* **THE TASK**:
Every line of the records below from the line with "CHENNAI: Chennai Super" up to and including the line with "Inspired by Stick" must be reproduced exactly, and no line outside that range.
:: SOURCE INFORMATION ::
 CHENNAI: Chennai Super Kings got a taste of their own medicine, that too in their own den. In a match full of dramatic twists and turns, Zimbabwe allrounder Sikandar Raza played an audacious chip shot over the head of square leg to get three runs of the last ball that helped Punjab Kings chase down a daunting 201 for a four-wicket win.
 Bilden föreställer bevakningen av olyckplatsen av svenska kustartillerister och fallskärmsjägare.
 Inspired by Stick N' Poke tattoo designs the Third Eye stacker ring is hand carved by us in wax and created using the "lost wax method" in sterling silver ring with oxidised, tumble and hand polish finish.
:::
:: SOURCE INFORMATION ::
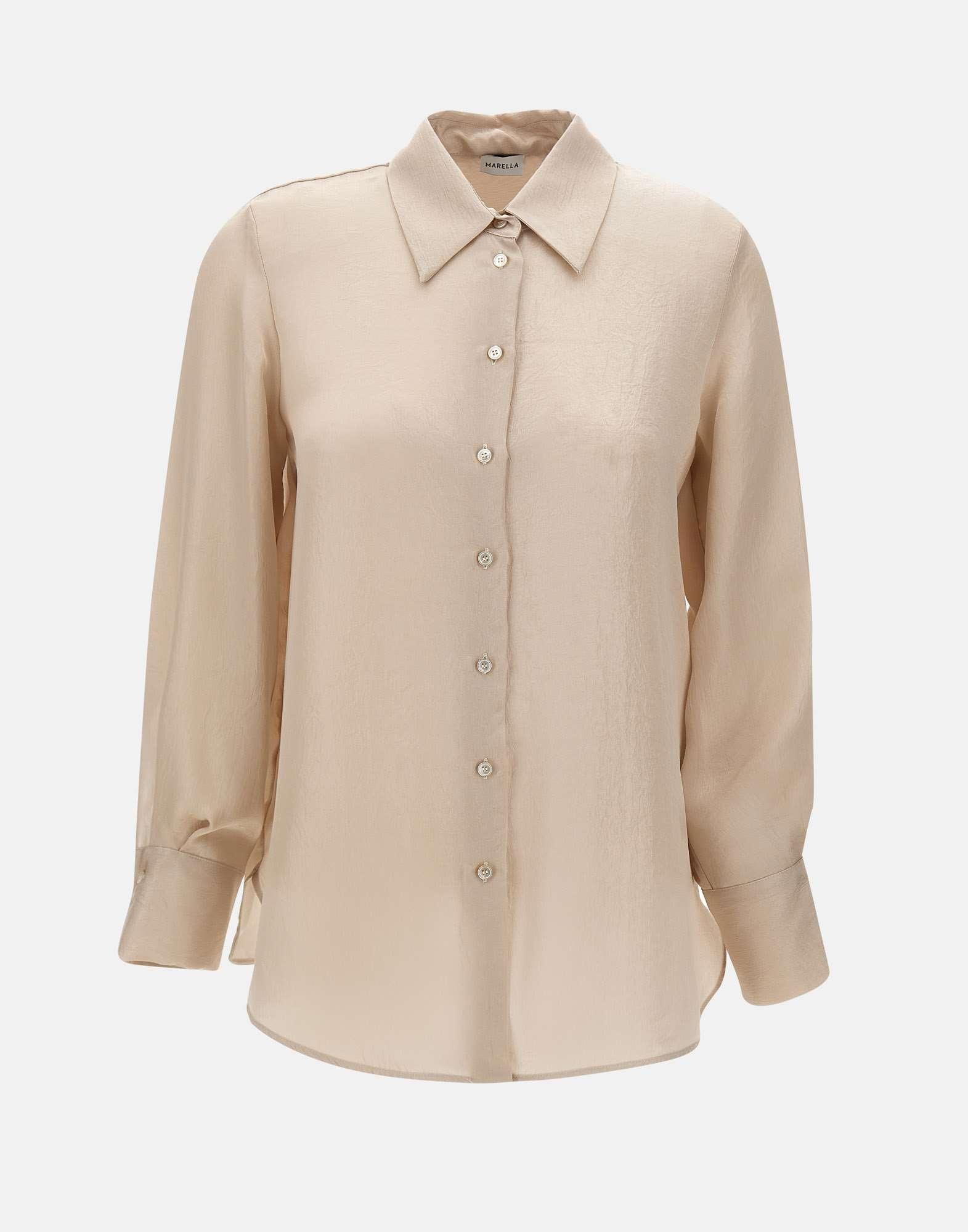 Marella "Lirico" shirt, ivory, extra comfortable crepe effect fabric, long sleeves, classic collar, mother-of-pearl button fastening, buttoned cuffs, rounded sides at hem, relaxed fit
:::
:: SOURCE INFORMATION ::
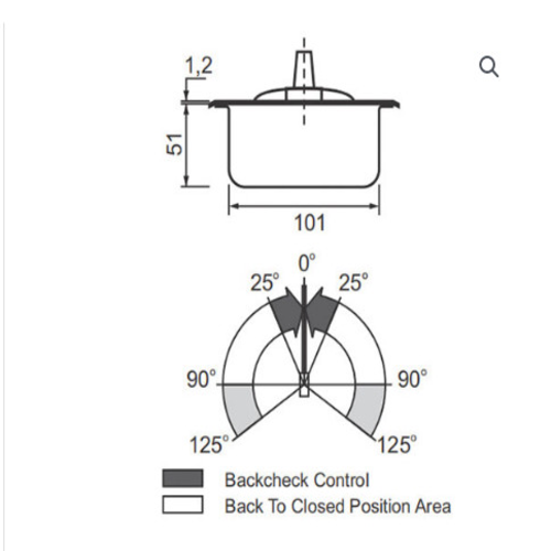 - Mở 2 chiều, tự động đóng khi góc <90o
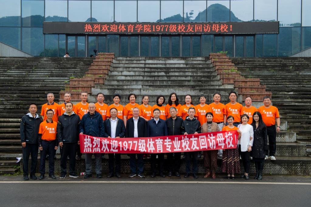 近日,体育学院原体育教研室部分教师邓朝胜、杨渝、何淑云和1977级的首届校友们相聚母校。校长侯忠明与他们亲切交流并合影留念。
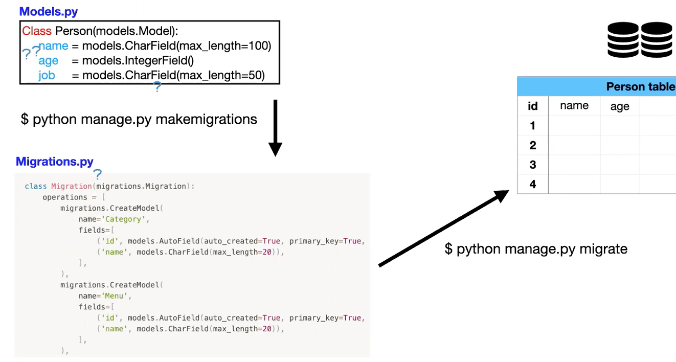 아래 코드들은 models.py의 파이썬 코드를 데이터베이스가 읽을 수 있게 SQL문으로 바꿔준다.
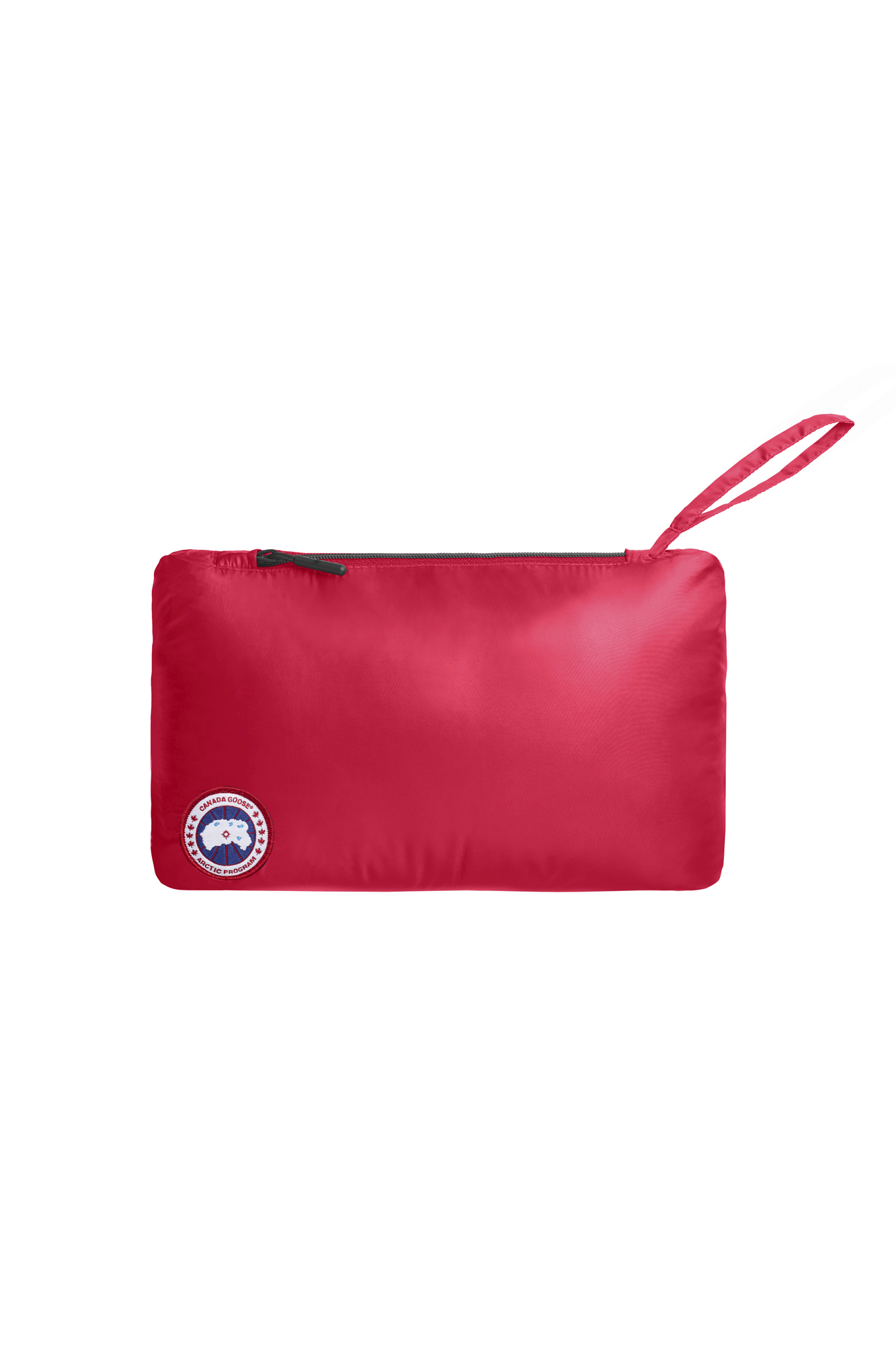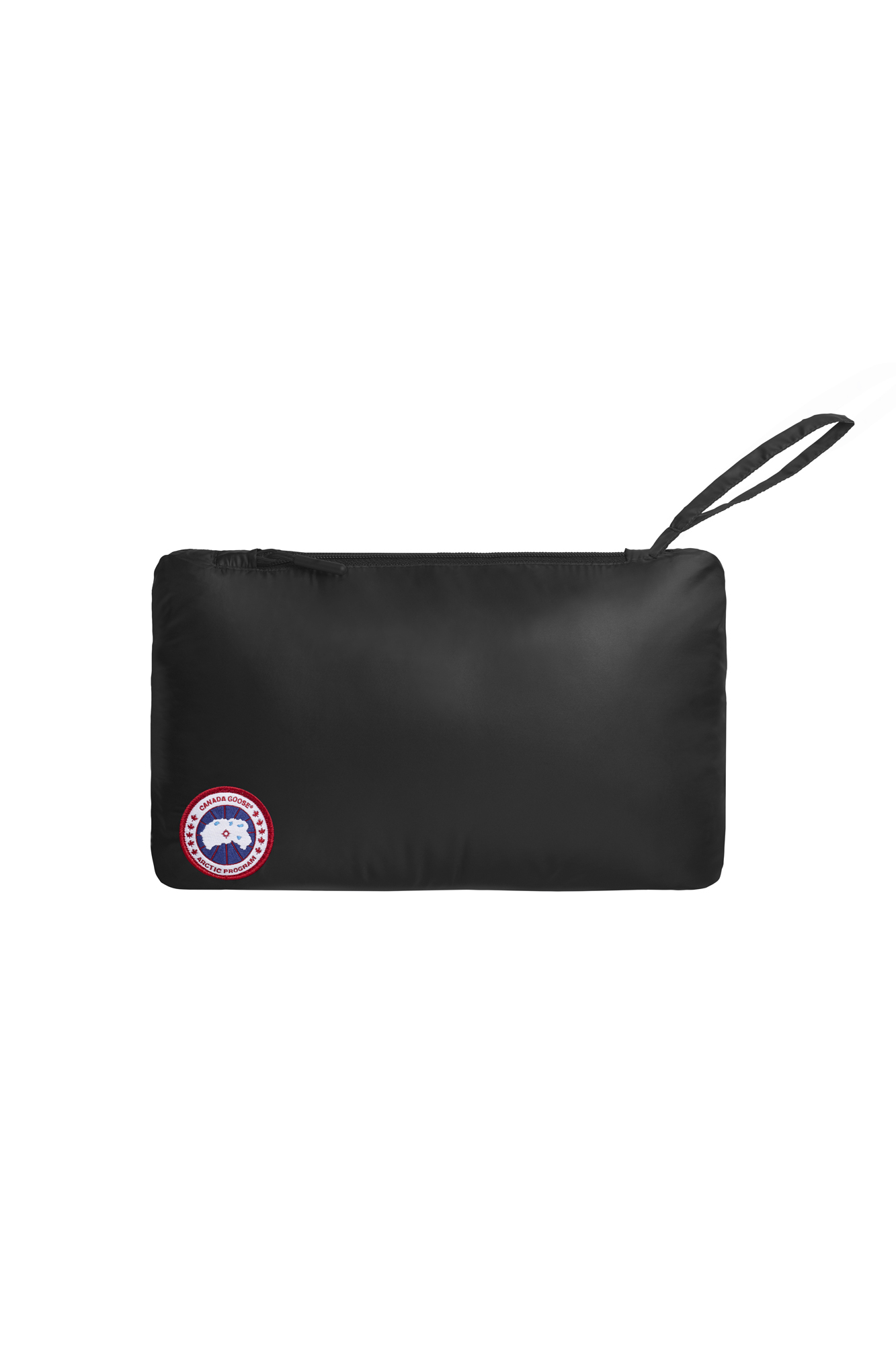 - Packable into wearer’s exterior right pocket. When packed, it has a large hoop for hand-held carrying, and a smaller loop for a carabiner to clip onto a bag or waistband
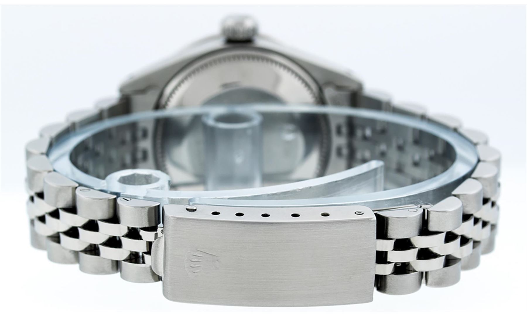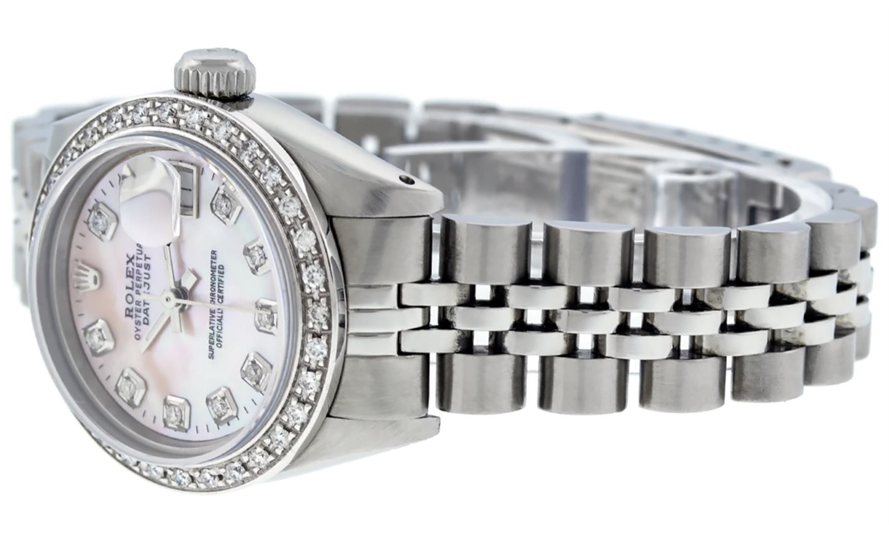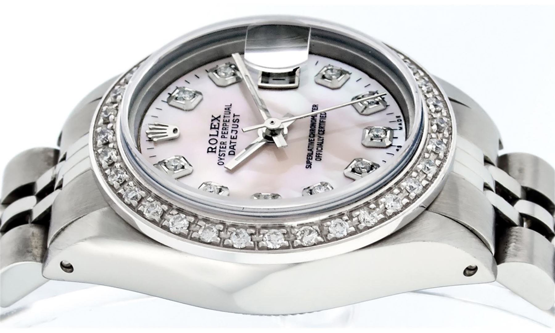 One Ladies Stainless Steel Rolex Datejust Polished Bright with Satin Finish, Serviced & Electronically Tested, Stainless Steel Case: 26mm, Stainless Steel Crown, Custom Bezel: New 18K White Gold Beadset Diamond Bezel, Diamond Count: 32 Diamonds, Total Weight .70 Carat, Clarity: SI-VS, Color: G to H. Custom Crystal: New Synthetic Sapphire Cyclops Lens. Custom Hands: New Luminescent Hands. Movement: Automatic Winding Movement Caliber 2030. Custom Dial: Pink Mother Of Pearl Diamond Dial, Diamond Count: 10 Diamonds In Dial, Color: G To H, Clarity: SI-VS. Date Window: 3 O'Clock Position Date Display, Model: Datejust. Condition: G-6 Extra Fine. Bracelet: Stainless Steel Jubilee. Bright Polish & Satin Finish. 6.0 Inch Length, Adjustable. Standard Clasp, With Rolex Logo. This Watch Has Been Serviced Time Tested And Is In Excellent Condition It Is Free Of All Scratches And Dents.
:::
* **YOUR SOLUTION**:
 CHENNAI: Chennai Super Kings got a taste of their own medicine, that too in their own den. In a match full of dramatic twists and turns, Zimbabwe allrounder Sikandar Raza played an audacious chip shot over the head of square leg to get three runs of the last ball that helped Punjab Kings chase down a daunting 201 for a four-wicket win.
 Bilden föreställer bevakningen av olyckplatsen av svenska kustartillerister och fallskärmsjägare.
 Inspired by Stick N' Poke tattoo designs the Third Eye stacker ring is hand carved by us in wax and created using the "lost wax method" in sterling silver ring with oxidised, tumble and hand polish finish.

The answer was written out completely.